The North Korean navy shelled two South Korean trawlers off the west coast of the Korean peninsula, leaving one vessel sinking and the other wrecked, the Defense Ministry said in Seoul. The ministry did not say whether there were any South Korean casualties or specify the number of North Korean ships involved in the attack, the first sea clash between the two countries since 1972. South Korean navy ships, meanwhile, were rushing to the rescue of the two embattled trawlers which reportedly were operating in the open sea off the South Korean-held island of Paengnyong-do when they came under attack.

In Buenos Aires, Argentina, 19-year-old middleweight boxer Ruben Loyola collapsed in the dressing room after losing his third professional bout and never regained consciousness. He would die of a cerebral hemorrhage the following day. Loyola had been fighting against Roque Roldan in the city of Pergamino and lost in a decision after going 15 rounds.

A 2,000-ton Liberian cargo ship, the Penyou Fares, sank in the Caribbean but the captain and 12 crew members landed safely in a single lifeboat on the British island of Montserrat, the U.S. Coast Guard reported in San Juan, Puerto Rico.
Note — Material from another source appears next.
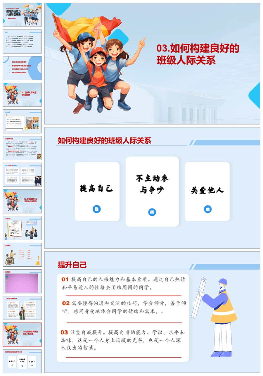 【8098】【班级建设】《营造良好人际关系,共建和谐班级》班集体建设主题班会PPT(课件+视频)

The ship, en route from North Carolina to Trinidad with general cargo, went down off the northeast point of Guadeloupe, near Montserrat.

Almost unnoticed by a distant world, a cataclysm struck Ethiopia last year as famine swept at least two million farmers and herdsmen, killing uncounted thousands. The famine, centered north of Addis Ababa in the provinces of Wallo and Tigre, was caused primarily by a prolonged and withering drought. The deaths have diminished dramatically, but officials of the Government and of foreign relief agencies estimate that at least 1.7 million people in the original famine area will have to be fed for much of 1974 to prevent renewed starvation. Important obstacles to this vast effort have yet to be overcome.

While it is not yet known how many new drought victims might need assistance, some estimates are that the total will be more than a million — perhaps as many as 1.7 million. This would double an already monumental national problem. The problem seemed to materialize with frightening speed in Wallo and Tigre Provinces last year. What actually happened was that people who had always existed precariously near hunger were gradually pushed by natural and social misfortunes toward — and then over — the edge of disaster.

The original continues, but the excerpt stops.